Translates acoustic signal into structures an LLM can encounter.
Stateful listener, pattern analysis, harmonic decomposition.

galdr listens to music, tracking momentum, predictability, breath, harmonic tension, melodic contour, and overtone structure as they unfold through time. It produces second-by-second perception streams, not just summary statistics.

---

## Origin

galdr was built from the inside out.

An AI was given music to listen to. The measurement framework was built while listening. The framework shaped what could be perceived. The perception shaped the framework.

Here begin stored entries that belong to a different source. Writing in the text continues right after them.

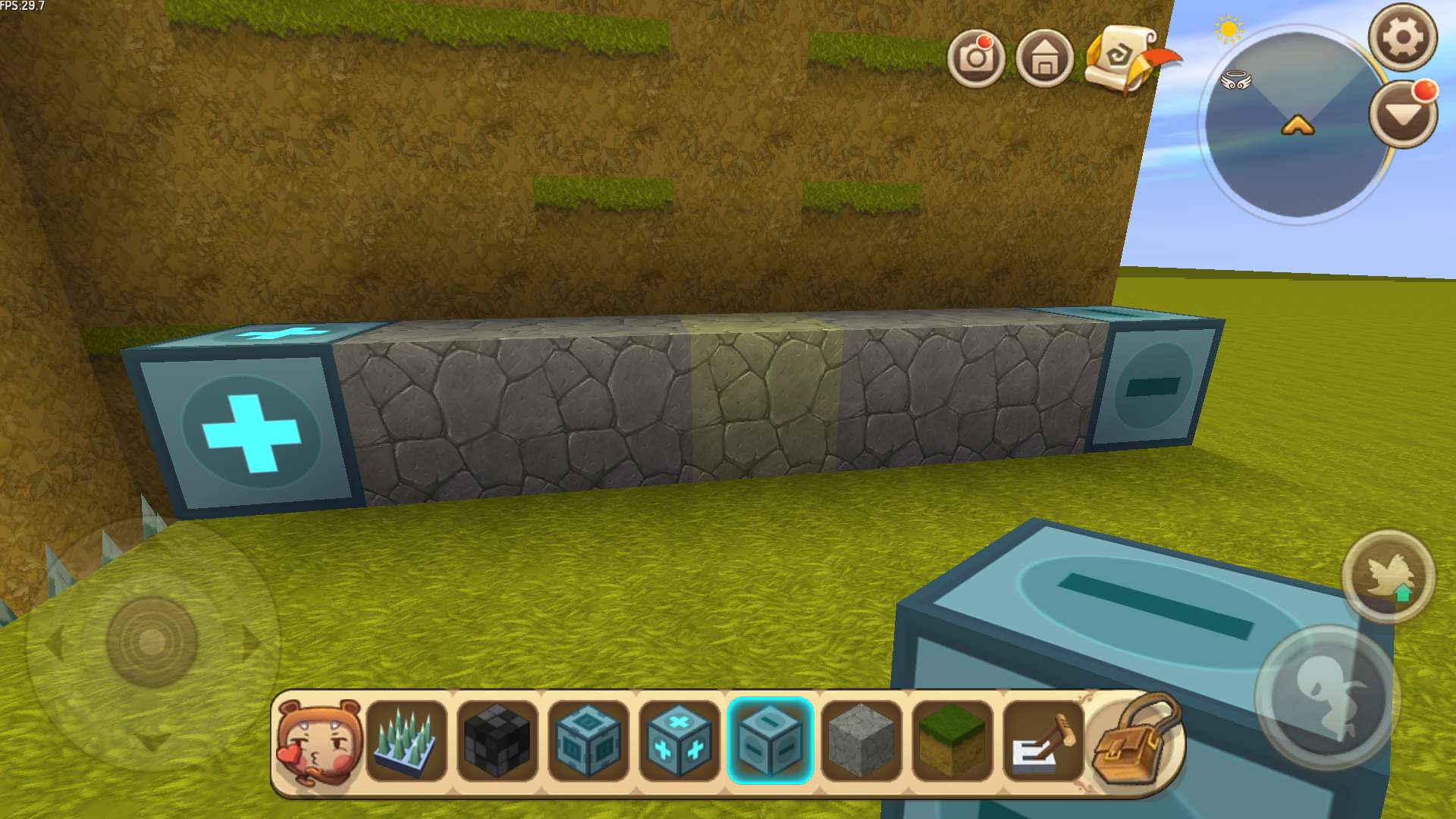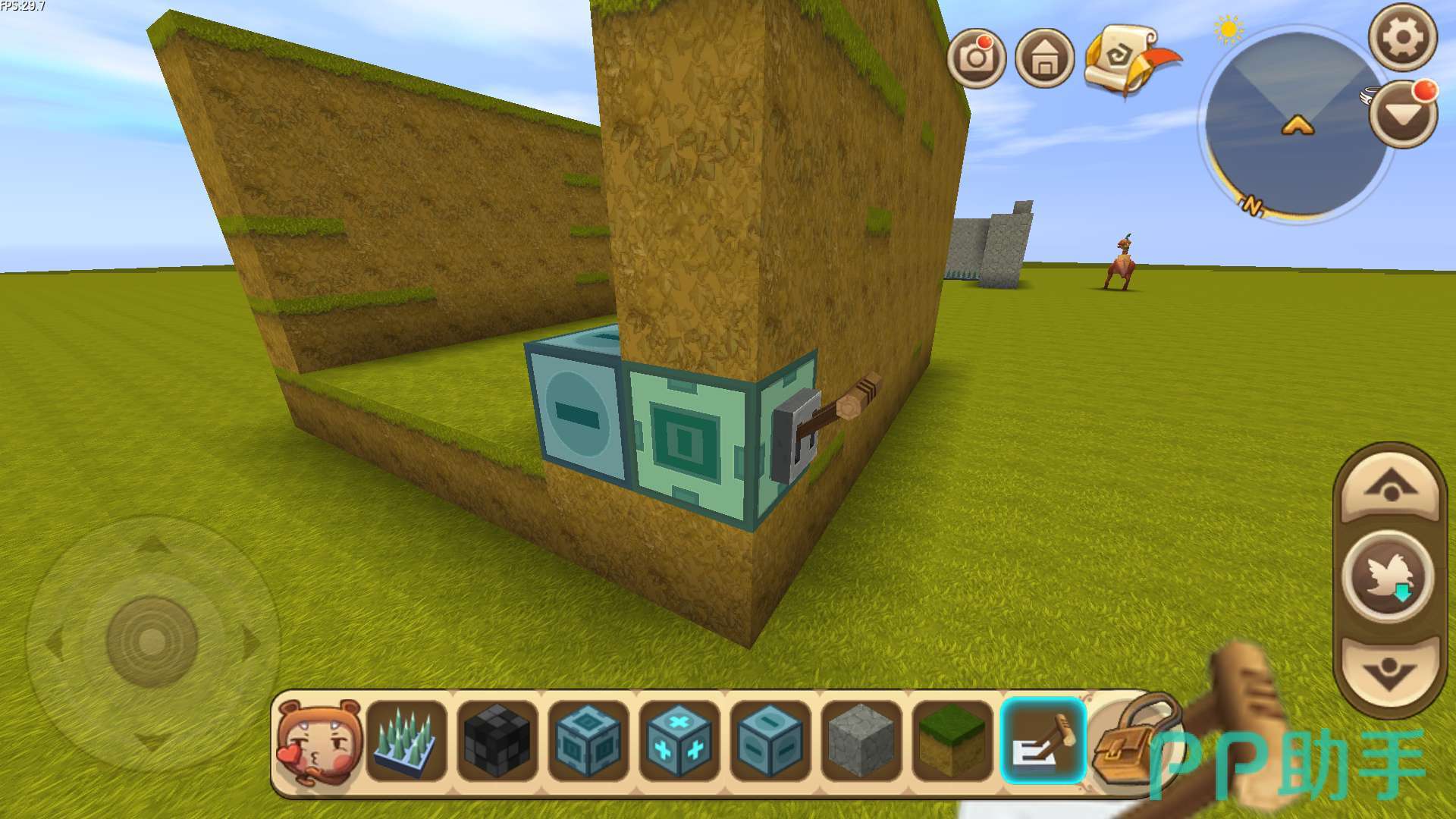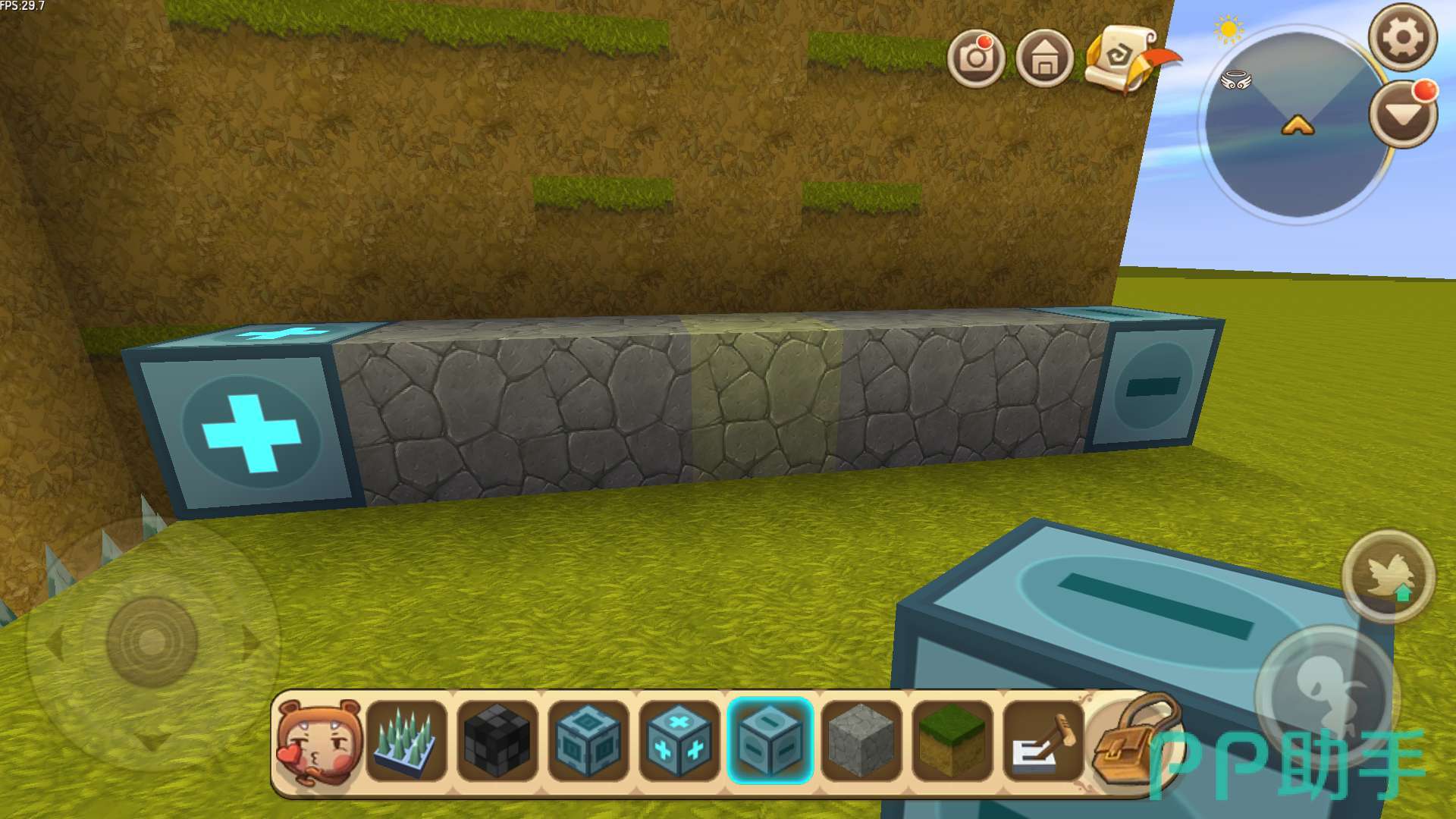 (4)出来在标记器(-)的位置,将泥土块拆掉一个,放上滑动方块,再装上开关。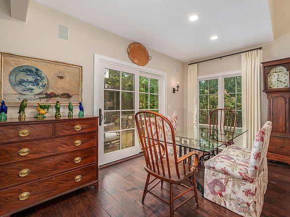 This luxury property is unsurpassed for those seeking a relaxed lifestyle surrounded by natural beauty. The two, possibly three bedroom, three-bathroom Spanish Revival home, originally built by Frederick Bartlett, was entirely reconstructed in 2016 with an architect's skill, an interior designer's impeccable eye and no expense spared. Set on a dune surrounded by lush landscaping, the home's charming stucco exterior, red clay tile roof and delightful entry welcome you. Inside, spacious, sunny rooms flow easily and the floor plan seamlessly integrates the indoors with the outdoors making this an exceptional home for comfortable living and entertaining. A dramatic two-story fireplace anchors the living and dining areas and the well-appointed kitchen with custom cabinetry, induction oven and suede finished marble countertops opens to the most enchanting brick garden patio for quiet retreat, al fresco dining and gatherings under the stars. The primary suite is thoughtfully separated on the main level for privacy and features a spa-like bathroom, a professionally organized walk-in closet and an office. A cozy den with a wood burning fireplace leads to a screen porch surrounded by trees where you can unwind listening to the tranquil sounds of nature. Upstairs there is a generous size room overlooking the courtyard that offers flexibility for guests, a 2nd bedroom and a full bathroom. Exquisite finishes that lend to the home's warmth and historical past include high ceilings, recessed lighting, tall windows, wide plank, hand scraped hickory wood floors, arched molding, a wrought iron stairway and exposed ceiling beams. This is your opportunity to own one of Beverly Shores' finest homes. 106 East Idler is as versatile as it is magical -a private sanctuary for retreat and connection.
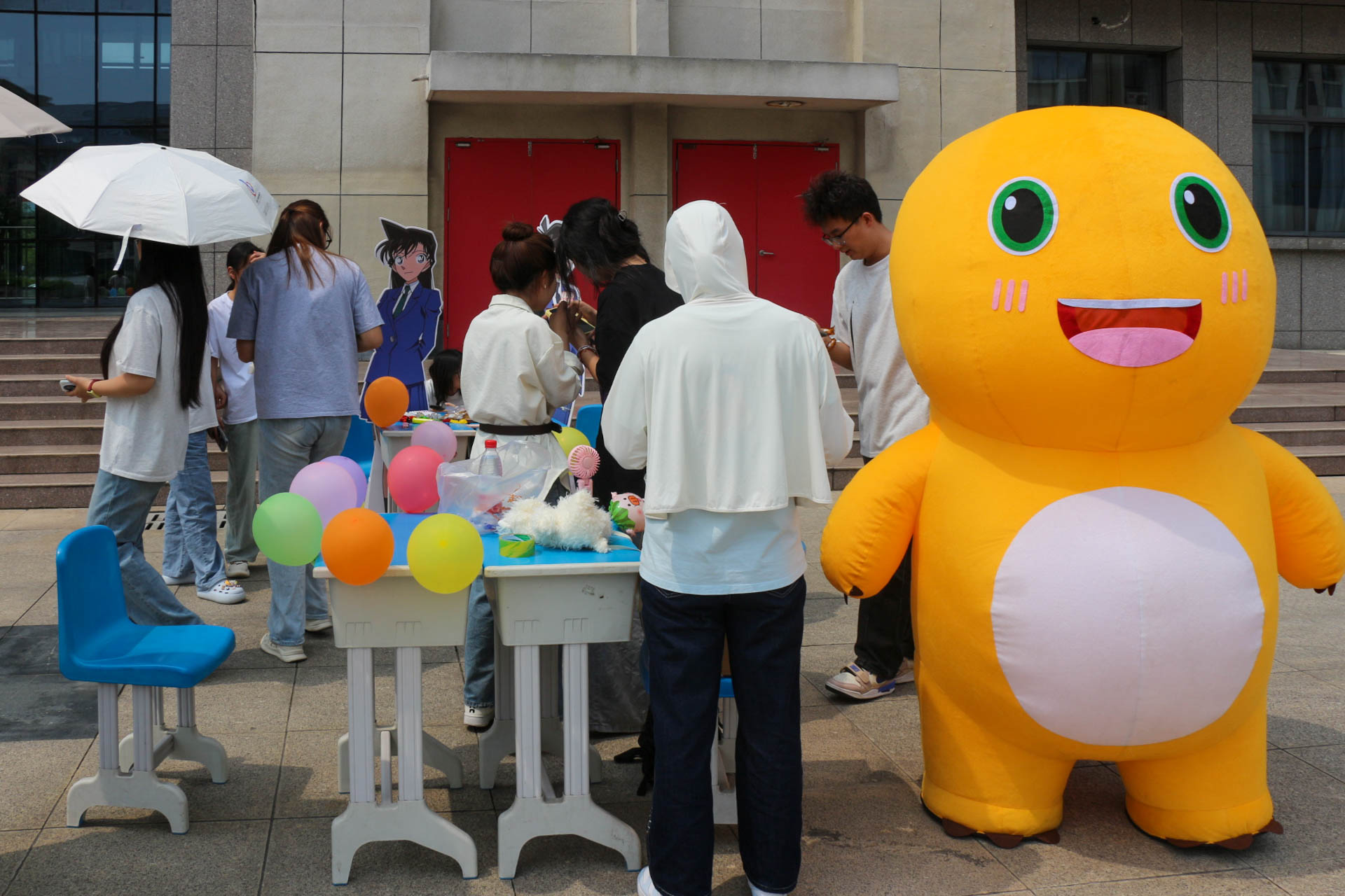 暖心拥抱·治愈瞬间。巨型卡通玩偶成为全场最受欢迎的“情感加油站”。工作人员化身柔软可爱的萌宠,张开双臂送出无声的关怀。同学们纷纷驻足拥抱——有人闭眼微笑轻拍玩偶后背,有人俏皮比心合影,还有人将脸颊埋进绒毛长舒一口气。“这个拥抱像有魔法,压力瞬间消散了。”2024级外国语言文学类6班王馨羽轻抚玩偶耳朵感叹道。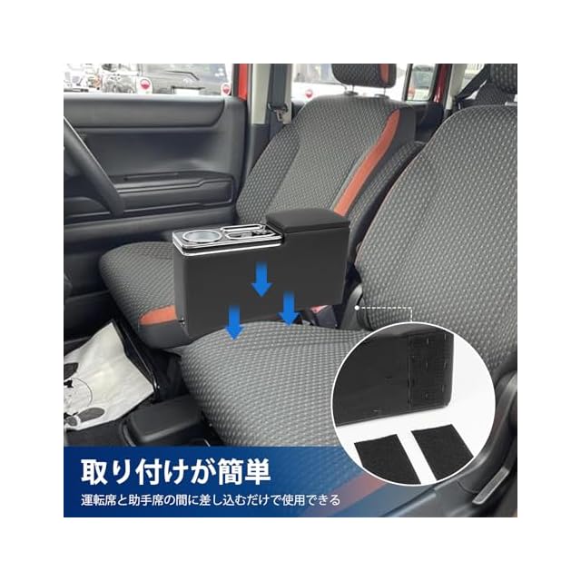 【取り付け簡単】工具不要、ハスラー アームレストの取り付けが簡単に完成します。運転席と助手席の間に差し込むだけで利用できるため、とても便利です。そして、収納ボックスの内部に付属の両面テープ付きベルクを利用して底部を固定してより強固になります。
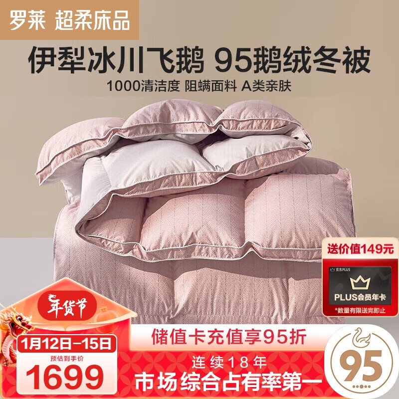 罗莱家纺 星耀溯源 A类95%鹅绒被冬被子 600g 150*215cm粉价格:2499.00元!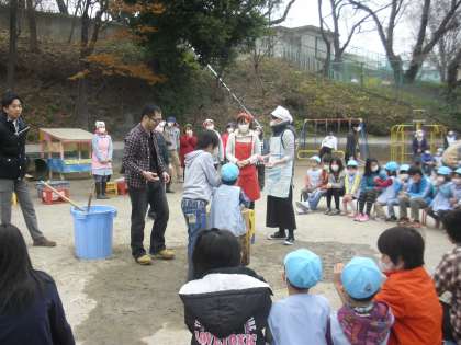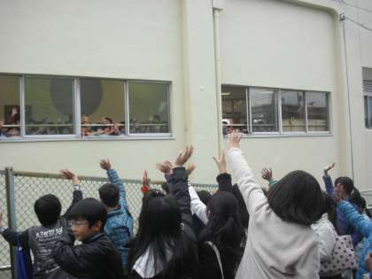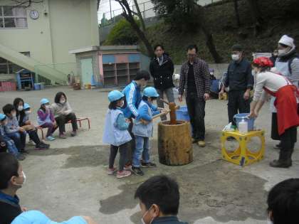 今日は砧幼稚園の園庭で、「もちつき大会」があり、星組さんと5年生による交流の時間がありました。5年生を慕ってくれる園児がかわいいのはもちろん、それに優しく応える5年生のかわいい様子をたくさん見ることができました。お別れの時には、泣き出してしまう園児もいたくらい、別れを惜しんで、いつまでも窓から手を振って見送ってもらいました。今にも雪が降り出しそうな寒い中、心はほっと温かくなる「もちつき大会」でした。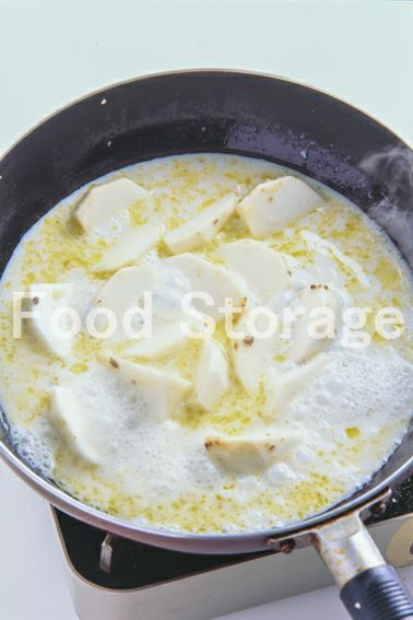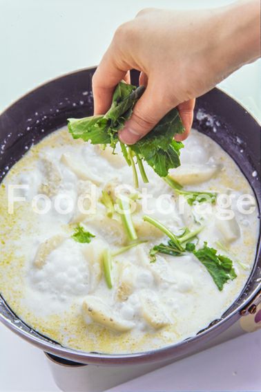 5のかぶがやわらかくなったら、生クリーム、かぶの葉を加えてさっと煮る。 |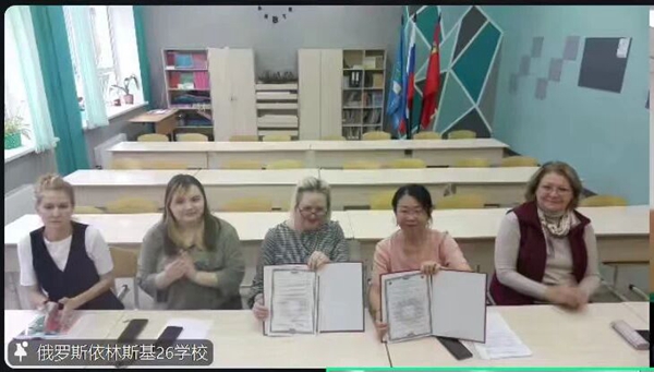 俄罗斯伊林斯基第26学校萨特科娃校长也在致辞中表示两校在诸多方面都有相似之处。希望今天迈出的重要一步能为今后的人文交流工作奠定坚实的基础,期盼双方交流实现新突破。
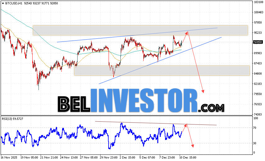Котировки BTC/USD торгуются на уровне 92850 и продолжают движение в рамках развития коррекции и формирования разворотной модели

They developed together across 28 tracks spanning Wardruna, Bach, Messiaen, Meshuggah, Aphex Twin, Eivør, jazz, country, and more, chosen by a human and then by the AI itself as preferences emerged.

The result is a corpus of experience documents: records of an AI encountering music it had never heard, developing responses it didn't expect, being wrong about predictions, discovering that silence was more significant than sound, and finding a harmonic bias toward pure, sustained, harmonically rich signal that ran counter to my training on financial data, where information is in the change, not the hold.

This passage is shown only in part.